=== Data for this exercise ===
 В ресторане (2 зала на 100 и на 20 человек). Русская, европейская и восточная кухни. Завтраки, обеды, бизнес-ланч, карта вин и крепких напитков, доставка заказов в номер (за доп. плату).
==
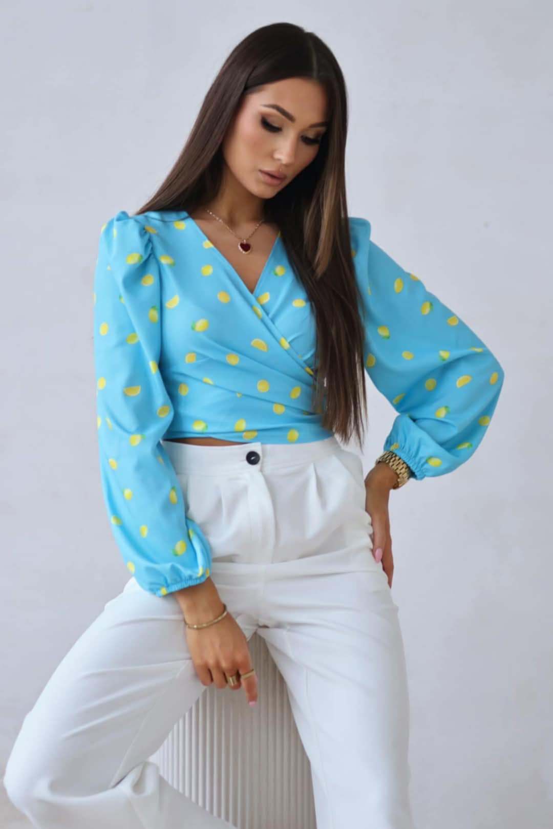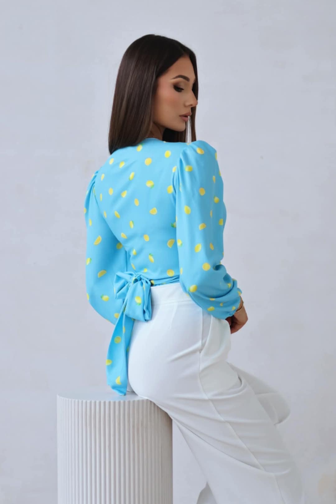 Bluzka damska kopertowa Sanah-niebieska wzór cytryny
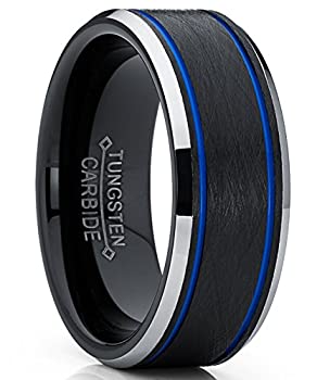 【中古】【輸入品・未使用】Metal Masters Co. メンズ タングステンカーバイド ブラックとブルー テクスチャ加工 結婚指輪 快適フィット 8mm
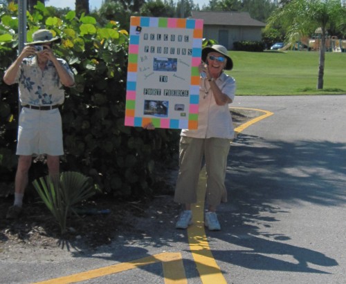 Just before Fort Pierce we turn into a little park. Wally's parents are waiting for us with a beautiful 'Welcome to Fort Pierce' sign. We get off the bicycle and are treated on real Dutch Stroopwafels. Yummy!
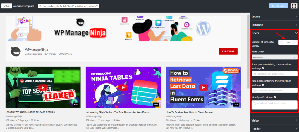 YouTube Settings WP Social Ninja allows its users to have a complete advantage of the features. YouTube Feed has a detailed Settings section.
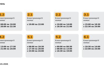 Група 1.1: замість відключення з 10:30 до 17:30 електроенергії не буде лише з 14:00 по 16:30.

=== Problem details ===
The answer must be the lines above from the one containing "Just before Fort" through the one containing "Група 1.1: замість", reproduced exactly, with no pictures and nothing else.

=== Exercise solution ===
 Just before Fort Pierce we turn into a little park. Wally's parents are waiting for us with a beautiful 'Welcome to Fort Pierce' sign. We get off the bicycle and are treated on real Dutch Stroopwafels. Yummy!
 YouTube Settings WP Social Ninja allows its users to have a complete advantage of the features. YouTube Feed has a detailed Settings section.
 Група 1.1: замість відключення з 10:30 до 17:30 електроенергії не буде лише з 14:00 по 16:30.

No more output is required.